By the time you get out of Dodge and start doing the right thing, you really don't relate to the person that historically people still see. But it's like the guy who says, "You know, if you Google me, all you're ever going to see if that I was accused of raping those two kids on the boat," or whatever. It's like, "I didn't even, wait, why am I Googling you anyway?"

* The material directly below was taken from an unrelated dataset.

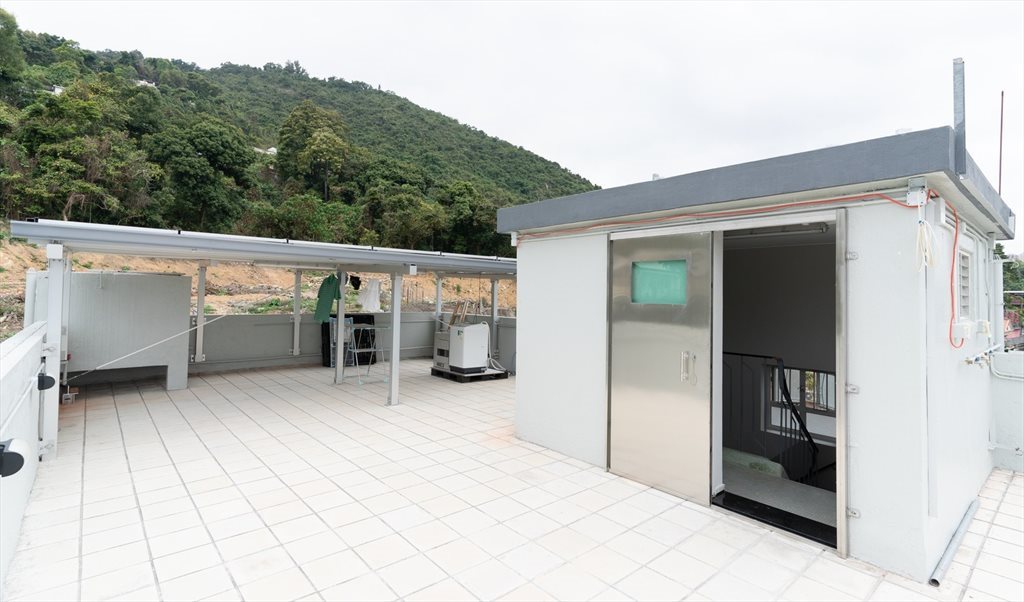Shared laundry facilities and chilling space on rooftop
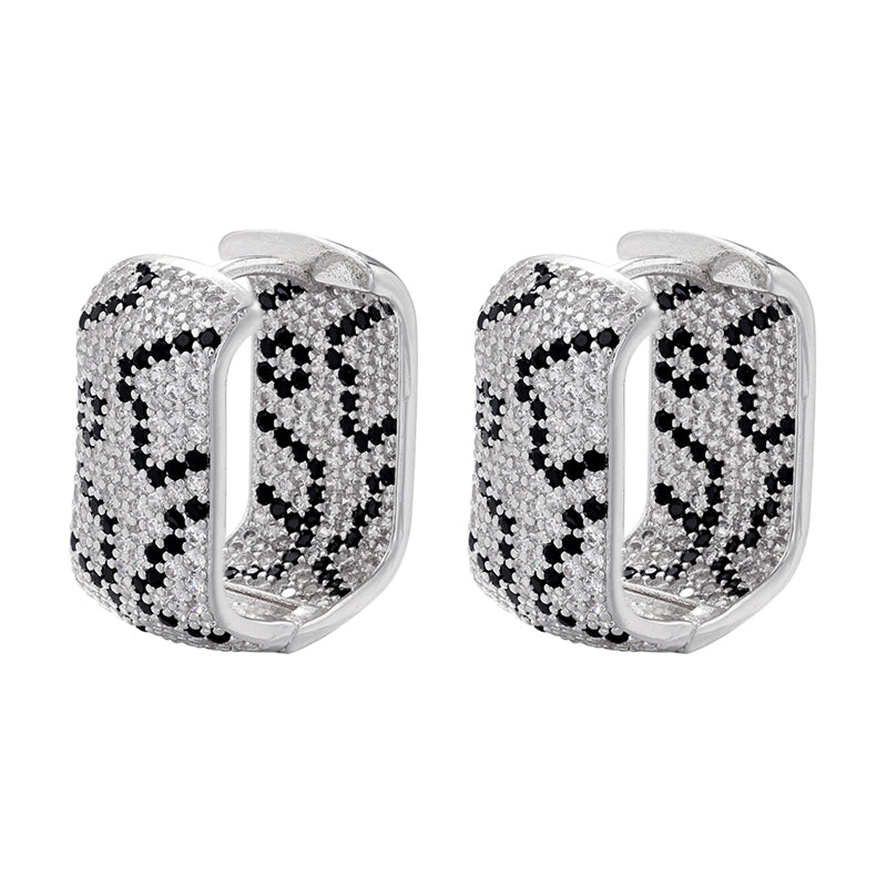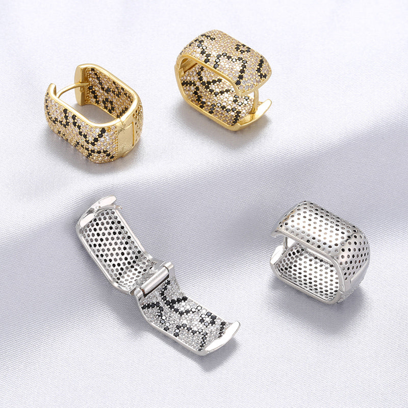 Design deciso e geometrie audaci definiscono questi orecchini dalla forma quadrata e moderna. Le superfici ornate da piccoli dettagli luminosi creano un motivo dinamico e raffinato, ispirato all’eleganza sinuosa del mondo naturale. Un gioiello dal forte carattere estetico, pensato per chi desidera distinguersi con stile.

So my thing is, what else is attractive is, yeah, Tony Stark has been known to go bonkers and be so irresponsible that he's like too hammered to put on the suit. And I was like, "Really?" And they're like, "Yeah, yeah." And I thought, "All these times when it seemed like in the atmosphere that maybe it was another one of these," because, you know, it's like, you're a superhero of the week thing, and there's so many. And I was like, "Green Hornet? No." But the fact that Tony is so conflicted at certain points in the later years. There's so much stuff going on in this movie as it is, that we decided not to do like the Pirandello thing. too. But I get it, I mean, that's why, in a way, [the character's] ideally suited for me, and I'm ideally suited for him.